- [What needs to be done]: With the pictures omitted, please transcribe exactly the lines beginning at the one that contains "Epaper E-Paper Koran" and ending with the last line of the records below.

- [Records to process]:
■ ■ ■

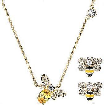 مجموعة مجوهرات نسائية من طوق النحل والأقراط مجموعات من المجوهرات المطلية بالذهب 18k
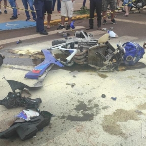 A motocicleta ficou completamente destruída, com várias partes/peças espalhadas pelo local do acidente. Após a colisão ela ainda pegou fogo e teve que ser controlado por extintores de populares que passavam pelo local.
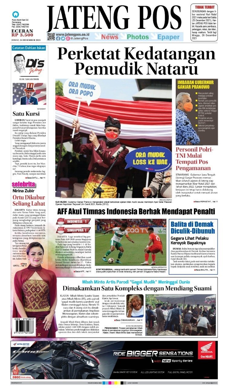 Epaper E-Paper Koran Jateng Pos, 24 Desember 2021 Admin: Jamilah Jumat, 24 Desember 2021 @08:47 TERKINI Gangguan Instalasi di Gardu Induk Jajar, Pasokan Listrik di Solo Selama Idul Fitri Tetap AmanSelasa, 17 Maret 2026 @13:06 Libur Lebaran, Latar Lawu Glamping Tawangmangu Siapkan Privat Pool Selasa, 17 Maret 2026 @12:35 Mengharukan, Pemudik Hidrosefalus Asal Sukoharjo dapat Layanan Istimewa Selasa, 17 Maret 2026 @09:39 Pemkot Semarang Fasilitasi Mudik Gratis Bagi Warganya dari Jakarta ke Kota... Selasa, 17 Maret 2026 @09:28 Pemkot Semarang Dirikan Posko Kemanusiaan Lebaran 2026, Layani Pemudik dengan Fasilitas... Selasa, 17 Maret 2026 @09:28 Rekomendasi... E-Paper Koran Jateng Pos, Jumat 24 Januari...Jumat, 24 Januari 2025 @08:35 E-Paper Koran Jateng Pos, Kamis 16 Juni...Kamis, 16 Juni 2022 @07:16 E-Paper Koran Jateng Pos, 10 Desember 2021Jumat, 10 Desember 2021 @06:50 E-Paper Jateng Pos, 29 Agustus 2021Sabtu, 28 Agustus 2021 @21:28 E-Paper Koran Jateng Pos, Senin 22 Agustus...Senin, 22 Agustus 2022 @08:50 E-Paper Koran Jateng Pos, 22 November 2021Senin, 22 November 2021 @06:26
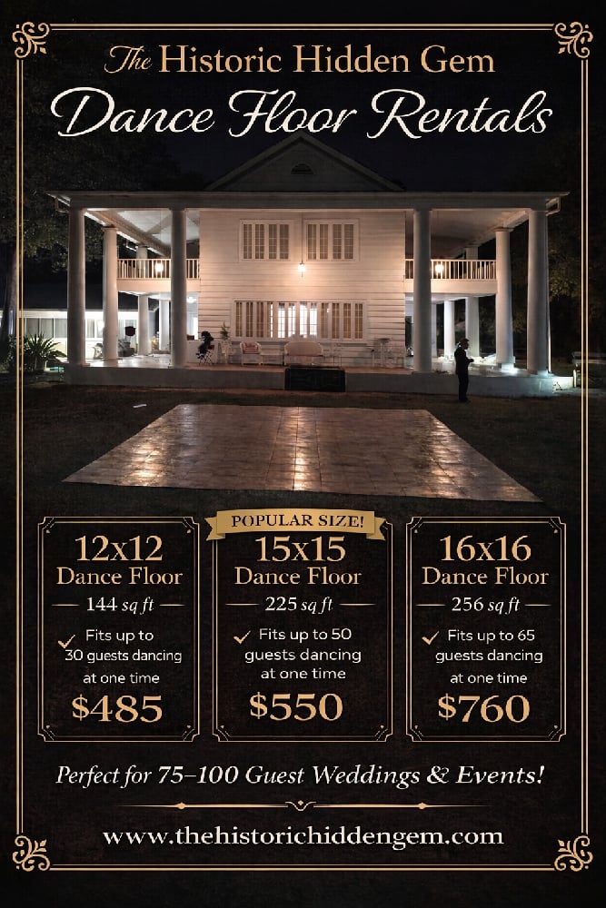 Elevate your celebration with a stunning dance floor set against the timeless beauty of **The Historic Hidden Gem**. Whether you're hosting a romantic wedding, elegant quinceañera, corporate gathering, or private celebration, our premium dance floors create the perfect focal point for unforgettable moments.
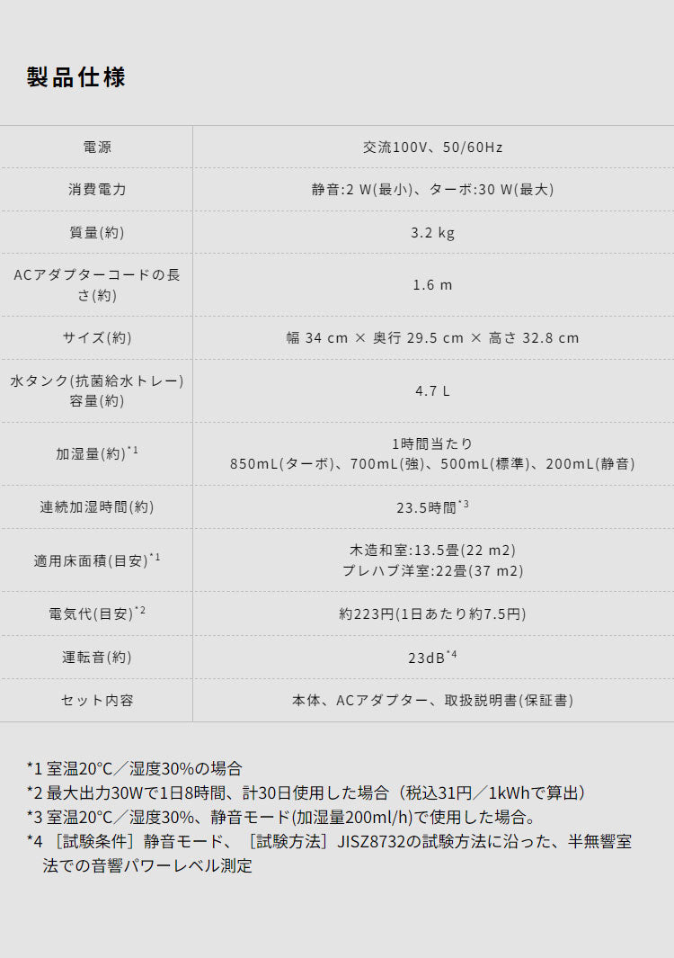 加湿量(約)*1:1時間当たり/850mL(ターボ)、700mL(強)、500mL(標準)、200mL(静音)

■ ■ ■

- [Reply]:
 Epaper E-Paper Koran Jateng Pos, 24 Desember 2021 Admin: Jamilah Jumat, 24 Desember 2021 @08:47 TERKINI Gangguan Instalasi di Gardu Induk Jajar, Pasokan Listrik di Solo Selama Idul Fitri Tetap AmanSelasa, 17 Maret 2026 @13:06 Libur Lebaran, Latar Lawu Glamping Tawangmangu Siapkan Privat Pool Selasa, 17 Maret 2026 @12:35 Mengharukan, Pemudik Hidrosefalus Asal Sukoharjo dapat Layanan Istimewa Selasa, 17 Maret 2026 @09:39 Pemkot Semarang Fasilitasi Mudik Gratis Bagi Warganya dari Jakarta ke Kota... Selasa, 17 Maret 2026 @09:28 Pemkot Semarang Dirikan Posko Kemanusiaan Lebaran 2026, Layani Pemudik dengan Fasilitas... Selasa, 17 Maret 2026 @09:28 Rekomendasi... E-Paper Koran Jateng Pos, Jumat 24 Januari...Jumat, 24 Januari 2025 @08:35 E-Paper Koran Jateng Pos, Kamis 16 Juni...Kamis, 16 Juni 2022 @07:16 E-Paper Koran Jateng Pos, 10 Desember 2021Jumat, 10 Desember 2021 @06:50 E-Paper Jateng Pos, 29 Agustus 2021Sabtu, 28 Agustus 2021 @21:28 E-Paper Koran Jateng Pos, Senin 22 Agustus...Senin, 22 Agustus 2022 @08:50 E-Paper Koran Jateng Pos, 22 November 2021Senin, 22 November 2021 @06:26
 Elevate your celebration with a stunning dance floor set against the timeless beauty of **The Historic Hidden Gem**. Whether you're hosting a romantic wedding, elegant quinceañera, corporate gathering, or private celebration, our premium dance floors create the perfect focal point for unforgettable moments.
 加湿量(約)*1:1時間当たり/850mL(ターボ)、700mL(強)、500mL(標準)、200mL(静音)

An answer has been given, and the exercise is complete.